SQL Server and similar databases were designed primarily for online transaction processing (OLTP) and are scale-up systems. In a scale-up system, performance benefits come from adding more compute and memory resources in the host server or migrating to a larger server. In contrast, a scale-out database system is designed to use multiple networked servers with storage to distribute data and data processing across a cluster. Scale-out systems are designed to manage big data challenges that do not work well through the traditional scale-up systems approach.
With SQL Server 2019, Microsoft now offers an option for hosting scale-out database services. SQL Server 2019 Big Data Clusters is a new scale-out big data solution that combines SQL Server, Spark, and HDFS across a cluster of servers. The SQL Server master instance coordinates connectivity, scale-out query management, metadata, and machine learning. The master instance is a fully functional SQL Server instance and a Tabular Data Stream (TDS) endpoint that provides application-level protocol that is used by tools such as Azure Data Studio and SQL Server Management Studio.
The master instance contains the scale-out query engine that pushes computations to the compute pool. In Big Data Clusters, the compute pool processes the query across the SQL Server instances. This parallelization enables faster reading of large datasets, thus saving time in returning the results. Management of scale-out queries and other metadata is maintained in the master instance.
Metadata in the master instance includes:
Beyond the SQL engine and Big Data Cluster management, SQL Server 2019 integrates additional services such as machine learning. Machine learning is the capability to use data in developing models. For example, using machine learning, a model can be created to define the difference between legitimate email and spam. Such a model can then be used to improve email services by removing most spam from a user’s inbox.
Machine Learning Services is an add-on feature to the master instance. The feature is installed by default and enables developers to use Java, R, and Python code in SQL Server.
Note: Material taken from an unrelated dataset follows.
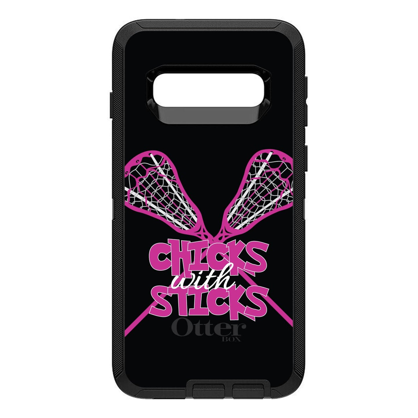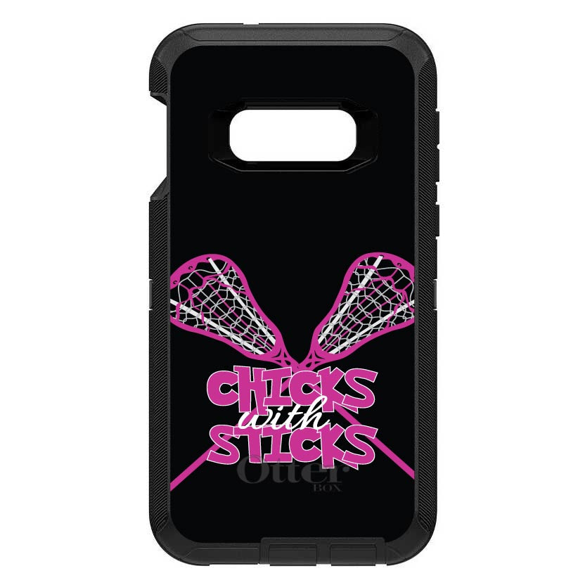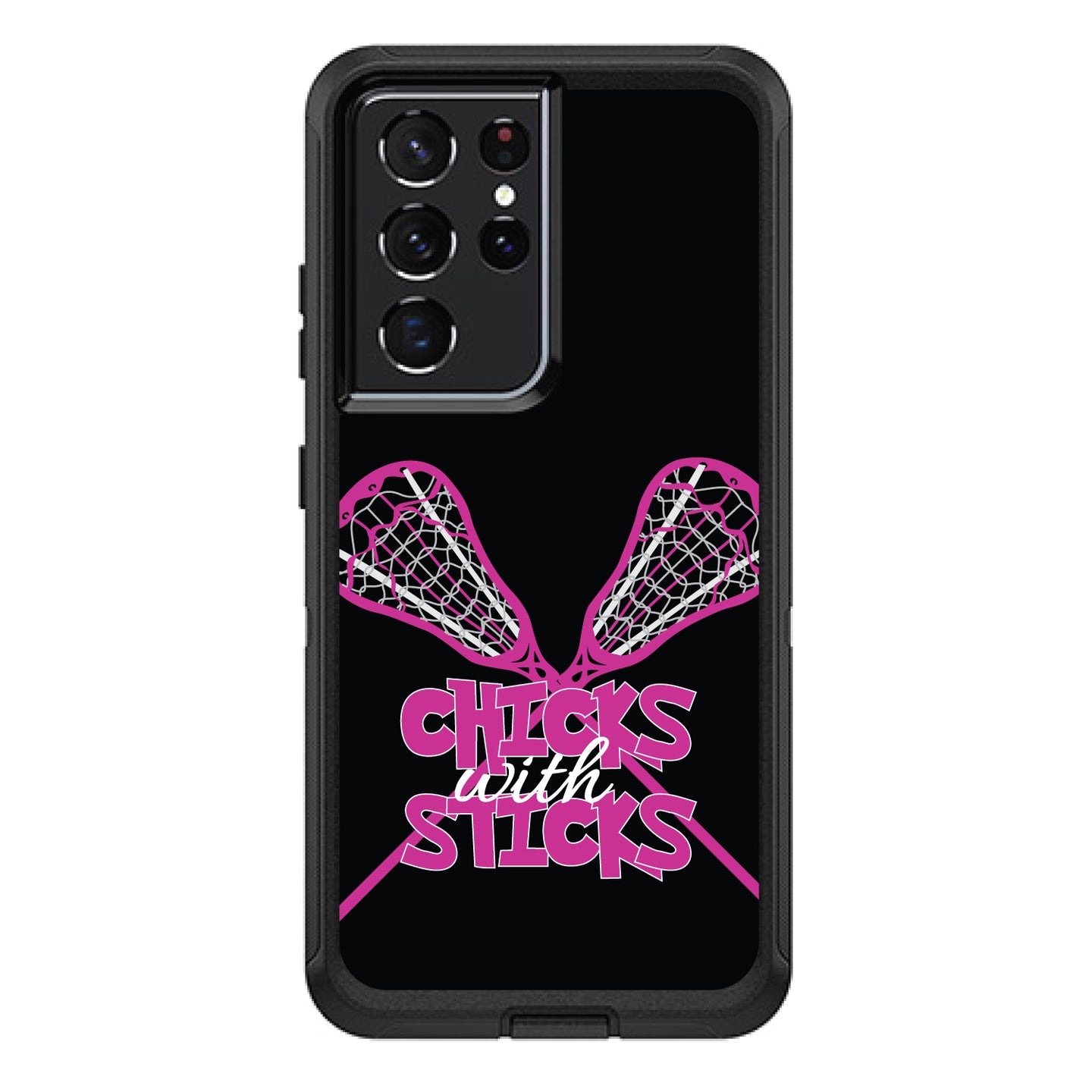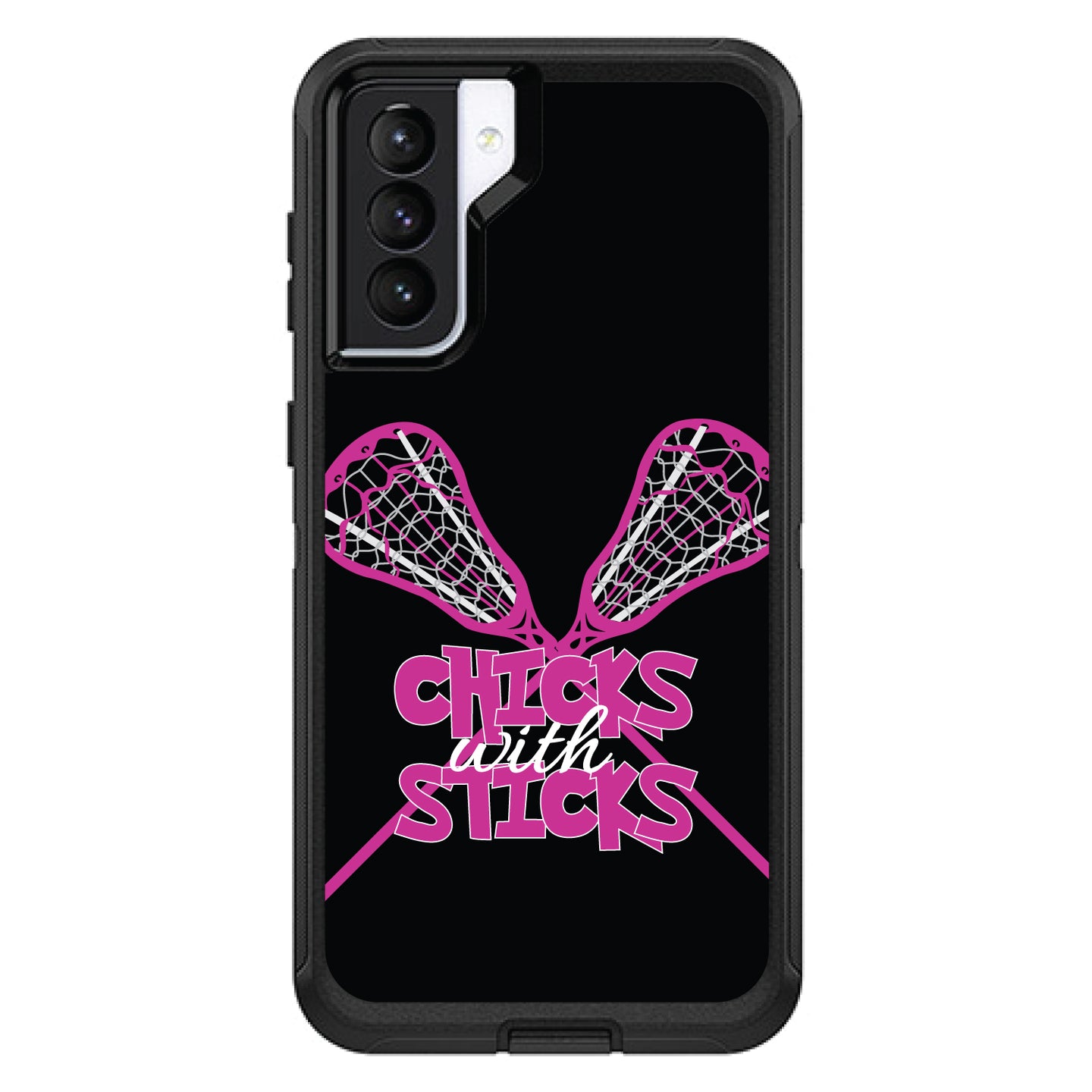 DistinctInk™ OtterBox Defender Series Case for Apple iPhone / Samsung Galaxy / Google Pixel - Hot Pink Lacrosse - Chicks with Sticks

This capability provides a pathway for data scientists to use Spark and HDFS tools with the SQL Server master instance, as shown in the following figure:
Figure 3. Machine Learning Services installed on SQL Server master instance
Apache Spark services are also available in SQL Server 2019. Spark is a general-purpose cluster computing system that is designed for performance. Through APIs, Spark supports a broad set of programming languages such as Java, Scala, Python, and R. Spark uses Hadoop’s client libraries for accessing HDFS data nodes, meaning Spark was designed to use HDFS storage. Spark provides the ability within Big Data Clusters to perform machine learning (MLib), graph processing (GraphX), and Spark Streaming. As an option, customers can separate the Spark services to create a dedicated Spark pool. A dedicated Spark pool can be beneficial if customers plan to extensively use Spark services.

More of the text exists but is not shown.